In this post, I’ll give a simple interpretation of PCA, and explain why it allows dimensionality reduction.
Let us consider two observables $X,Y$ that can be measured experimentally. For example, $X$ could be time and $Y$ could be cell size. For now, we will assume that there is variability on $Y$ but not on $X$.
The data could look like the following :
One usual approach to quantify the correlation between $X$ and $Y$, assuming $X$ to be known precisely, is to fit $Y$ as a linear function of $X$ : $Y=aX+b$ (and here we’ll take $b=0$ for simplicity). The most common fitting procedure is to minimize the least square error, i.e. find $a$ that minimizes $<(Y-aX)^2>$.
We can note here that $Y-aX$ is the distance on the $y$ axis between the line $Y=aX$ and the point $X,Y$. It is basically the part of $Y$ that is not explained by the relation $Y=aX$.
$<(Y-aX)^2>$ is thus the definition of the variance of that is not explained by the fit. Least square fitting thus tries to minimize the unexplained variance, i.e. maximize the explained variance.

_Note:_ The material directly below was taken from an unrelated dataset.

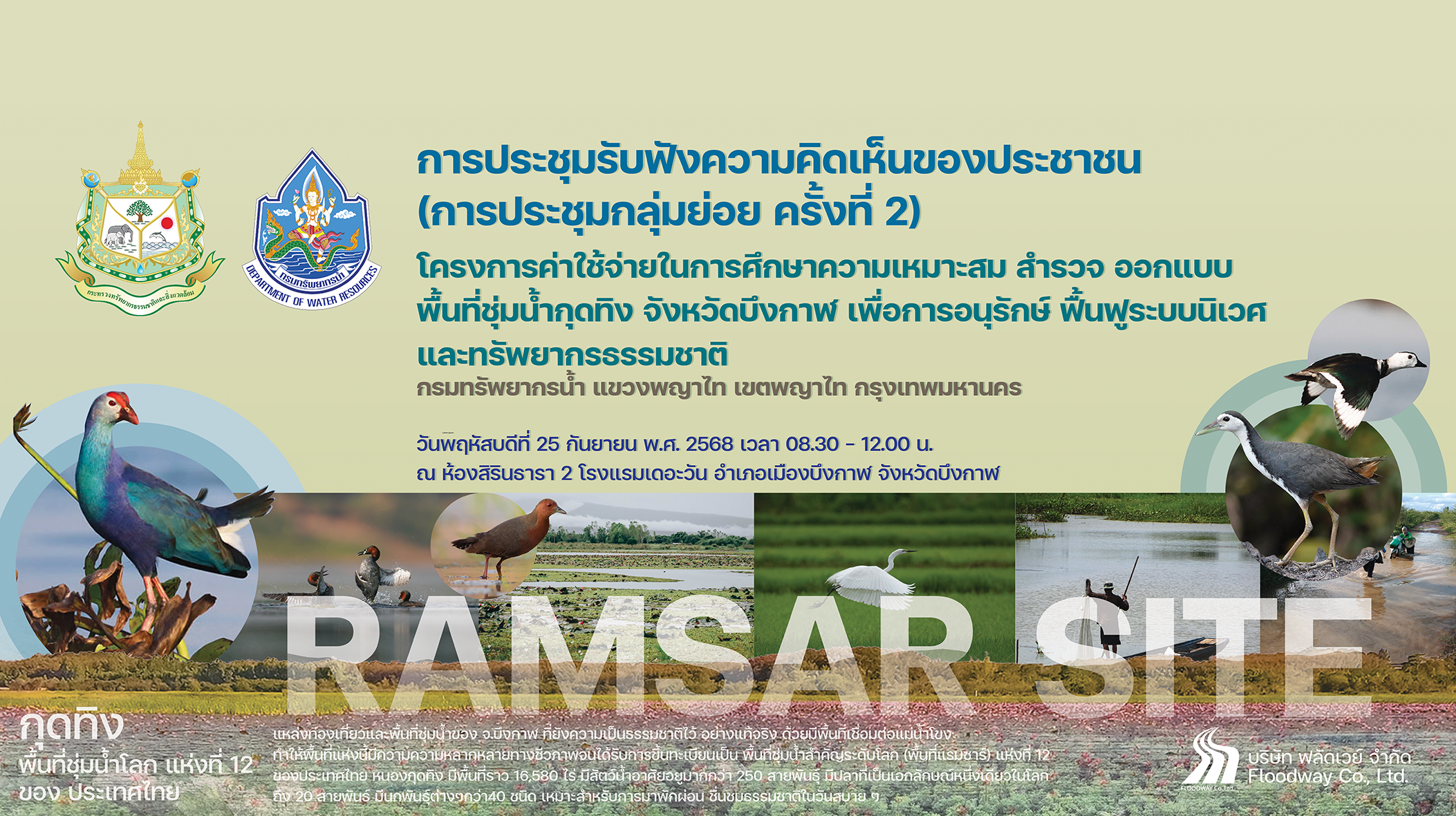 โครงการค่าใช้จ่ายในการศึกษาความเหมาะสม สำรวจ ออกแบบพื้นที่ชุ่มน้ำกุดทิง จังหวัดบึงกาฬ เพื่อการอนุรักษ์ ฟื้นฟูระบบนิเวศและทรัพยากรธรรมชาติ

Now we will assume that there is also uncertainty on $X$. If $Y$ is cell size, let’s say $X$ is cell mass. Even though it may not be a bad idea, we can try to use a linear fit using least mean squares :
It’s a bad idea to use a linear fit because it does not try to explain the variance on $X$. Thus, it is a much better idea to use a PCA. What the PCA does is find the directions along which variance is maximal. In the example, variance is maximal along the axis $u$, and the remaining variance is along the axis $v$.

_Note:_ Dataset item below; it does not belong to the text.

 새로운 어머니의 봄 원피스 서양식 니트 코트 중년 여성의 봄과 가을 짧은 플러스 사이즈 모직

If we represent the data in the new base $u,v$, they would look like :
It is clear that most of the variation is along $u$. At first glance, if we want to describe the state of the cell, we can just describe its position along $u$ and forget about its position along $v$. Geometrically, the new coordinate $U$ is merely $X+Y$. Basically, cell mass $X$ and cell size $Y$ are the same variable $U$, and $V$ is the unexplained variance, corresponding to biological variability and experimental error. Thus a PCA also aims at maximizing the explained variance !
We have thus effectively reduced the dimensionality of our problem from 2 ($X$ and $Y$) to 1 ($U$). Of course this approach is all the more powerful when the dimensionality is higher - specially because it is hard to visualize and process more than two or three dimensions.
For the following I took inspiration from this notebook on breast cancer. Each breast cancer has been characterized by 32 features - the equivalent of our previous observables $X$ and $Y$, just many more. We also know wether these cells are benign or malignant (cancerous).
We cannot unfortunately easily visualize this data, as it lies in a 32-dimensional space. If we look at features two by two, it is not obvious if any individual feature correlates with cells being malignant or not.
It would be really nice to find the two direction along which variation is maximal. Thus we can perform a PCA on the data, and plot only the two first components - since those will contain the largest fraction of the variance. And indeed we see that merely two coordinates can pretty convincingly predict if a cell is malignant or not.
Once again this is not too surprising : cancer has a major impact on cell features and it makes sense that the malignancy shows up in the data. Here, it is clear that merely two dimensions (PCA1 and PCA2) are sufficient to predict if a cell is malignant. We can therefore reduce the effective dimensionality of the system from 32 to 2 without loosing too much information. Most of the variability is explained by these two dimensions, and the rest of the variance is smaller and less relevant.
Oh and one can see PCA as an “unsupervised” machine learning tool, since we were able to segregate data without guiding the algorithm with the desired outcome. Note that there are many cases where a PCA will not be a good predictor - after all, a PCA is just a rotation in the feature space.